Со лба и висков при этом не сходил след от фуражки. Жирновато блестящие волосы были все еще блондинисты. Серо-голубые глаза, сводившие с ума эмгэушных итальянок, не выцвели. Но раздался Лавруша сильно. Мужик, да и только. Но, правда, словацкий — что бы это ни значило…
— Ты обеспечил себе ночлег?
— Да не волнуйся… Не на Хлавни надражи.
— Надражи? Эго у них вокзал?
— Ну. Главный. Нашел я пансион. Где-то в районе Выставища. Но пополам терпимо.
— С кем?
— Словак там один. Можно сказать, компатриот. Командировочный из Бань-ской Быстрицы.
— Но Прагу ты знаешь?
— Не как свою ладонь, но пару раз бывал. Не пропаду, не бойся!
Мы распрощались, но потом он нас догнал с бутылкой, заткнутой газетой:
— Боровичку! Тебе же вез!..
— Спасибо, — отжал я вспять бутылку.
— Или не любо?
— Любо, Лавруша, но…
Зрачки наши слились, осознавая разницу и дружество. Близость и зазор…
— Ну, — отступился друг, — как знаешь. Додавим с Баньской Быстрицей… Значит, до завтра?
В этом отеле жили Клинтон с Хилари.
Мы с женой за всю нашу долгую супружескую жизнь в таком роскошном номере еще не останавливались. Естественно, что я возлагал большие надежды на эту ночь — первую пражскую. Но вместо этого поссорились. Может быть, действительно у нее разболелась голова от всех эмоций этого международного дня, начатого на рассвете с посадки в автобус у штаб-квартиры «Свободы» в Мюнхене. Ясно было одно: не только бурного — не будет никакого. Перелистывая подготовленную американцами документацию по Чехии и Праге, изредка комментируя («О! Можно ввозить пистолеты!..») жена лежала в огромной постели, а я смотрел в окно.

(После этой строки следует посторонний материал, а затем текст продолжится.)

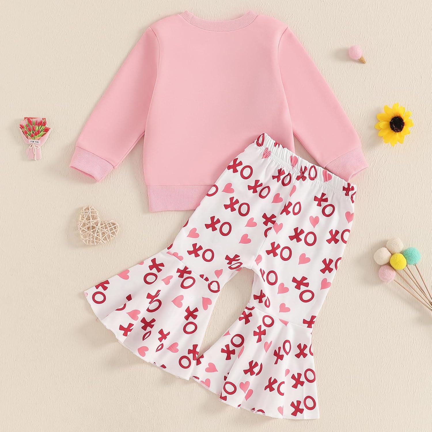 Toddler Baby Girl Valentines Outfits Embroidery Crewneck Sweatshirt Heart Bell-bottom Pants Set Valentines Day Clothes
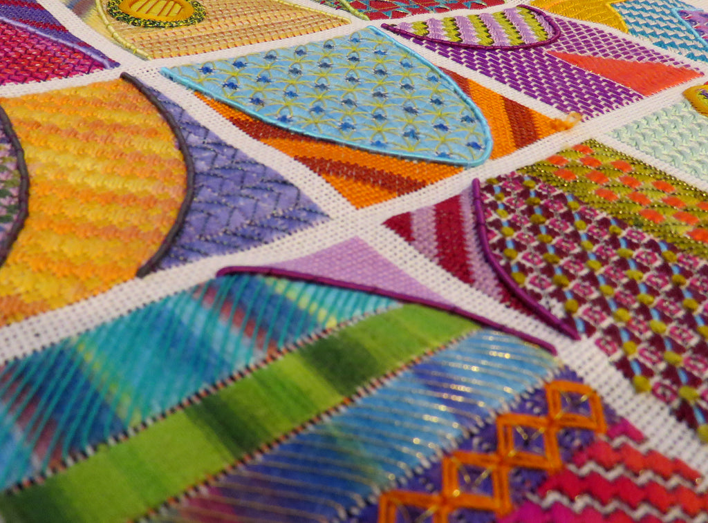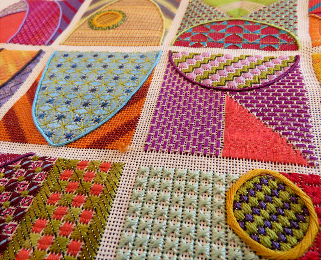 The class will include a beautiful, thoughtfully curated kit, including threads, Congress Cloth, an Instruction Guide, and a set of gorgeous color charts all laminated and presented to you along with your kit. You will feel the luxury and uniqueness of this class from the moment you open your special package!
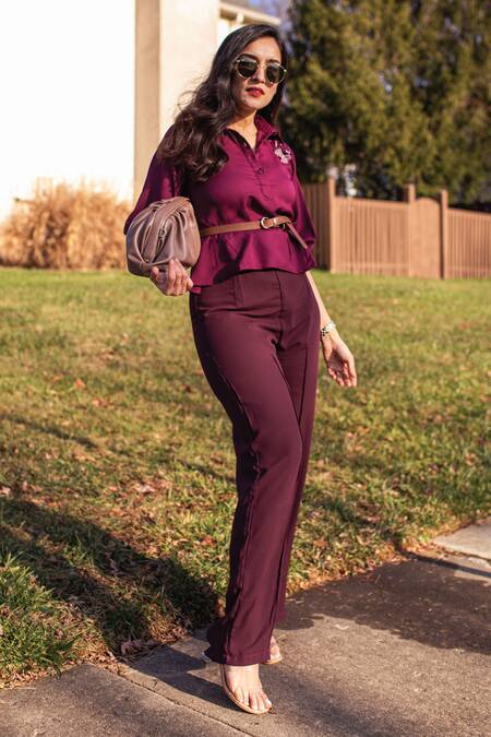 Wine top with 3D floral motif embellished on the side and elbow length puff sleeves. Comes with trousers.
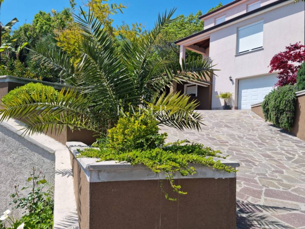 Una proprietà eccezionale sulle pendici del Parco Naturale dell'Učka con vista sull'intero Golfo del Quarnero, sulle isole di Krk e Cres e sulla nostra piccola ma famosa stazione sciistica di Platka. Tutto questo e molto altro è a tua disposizione da questa meravigliosa proprietà in una posizione tranquilla e una casa con un'energia estremamente positiva. Concetto familiare, il cui piano terra è dominato da un ampio garage con la più bella vista sul tin pet, locale caldaia con riscaldamento centralizzato a pellet e caldaia da 300 L per l'acqua calda, cucina lavanderia, dispensa, un servizio igienico, taverna interna e taverna esterna - sotto una veranda coperta che dispone di cucina esterna completamente attrezzata, forno per il pane in muratura, grill e piano cottura a gas, acqua calda e fredda e attrezzature per ospitare 24 persone, luogo ideale per riunioni e riunioni di famiglia. L'esposizione della casa garantisce completa privacy dagli scorci vicini. Attraverso la taverna interna e il garage, il resto della casa è collegato alla parte abitativa della casa da un'ampia scala. Il primo piano è dominato da un ampio atrio, doppie porte che conducono alla sala da pranzo e al soggiorno e una cucina funzionale e spaziosa separata da una porta click-clack. Soggiorno attrezzato con mobili Natuzzi, sala da pranzo Calligaris con tavolo allungabile da 6 a 12 posti. Accanto all'ingresso principale della casa c'è un ampio bagno con cabina doccia e 1 camera da letto per due persone e una scrivania, con mobili realizzati con materiali di alta qualità realizzati su misura. Al secondo piano troviamo un disimpegno in galleria, un bagno padronale con cabina doccia e vasca idromassaggio e servizi igienici. Due camerette con vista mare, una matrimoniale con cabina armadio da cui si accede anche alla mansarda della casa. La casa è dotata di costosi mobili su misura e mobili di design comodamente inseriti in uno spazio che è una casa spaziosa e accogliente per la famiglia. Tutto dentro e intorno alla casa è organizzato e curato in modo che possa essere spostato immediatamente e offre un comfort eccezionale, privacy ed edonismo disponibili tutti i giorni.
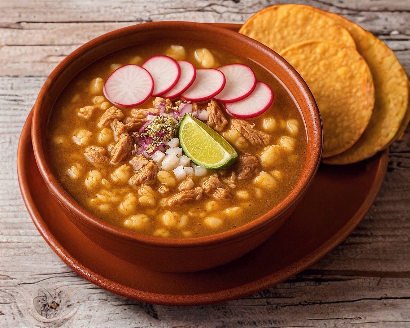 Delicioso pozole blanco tradicional en porción grande de 1 litro, preparado con carne de pollo suave y jugosa. Acompañado con rábanos frescos, lechuga crujiente, cebolla picada, chile en polvo y tostadas doradas. Un clásico mexicano lleno de sabor casero, perfecto para disfrutar en cualquier ocasión.

Подобной атмосферы не видел я нигде на Западе. Разве что в фильме «Eraserhead»[7]. А где мы смотрели первого Линча? Смотрели мы его в Париже. Где еще? В «Эскуриал», куда с нашей рю Паскаль на бульвар Порт-Ройаль вела слегка замусоренная лестница с тремя, если не изменяет память, перепадами. Несмотря на название, небольшое было синема, но очень «in». Тогда уже in было намного больше, чем по-родному brauche, что то же самое — включенность. Посвященность.
Антоним — out.
Как сейчас.
Из самого дорогого отеля Чешской республики я взирал на атмосферу страны погибшего социализма. Дождь начался, возможно, еще при старой формации. Не дождь, а жидкий смог. Валил, оседал беспросветно. Внизу мерцали фонари. Редкие. И еле-еле. Деться было некуда. Проиграть все на хер в казино. Напиться в баре. Снять за двадцать баксов чешскую красавицу. Высокий лоб и скулы, и взгляд всепонимающий, и эта их блондинистость, предполагающая бледнорозовость…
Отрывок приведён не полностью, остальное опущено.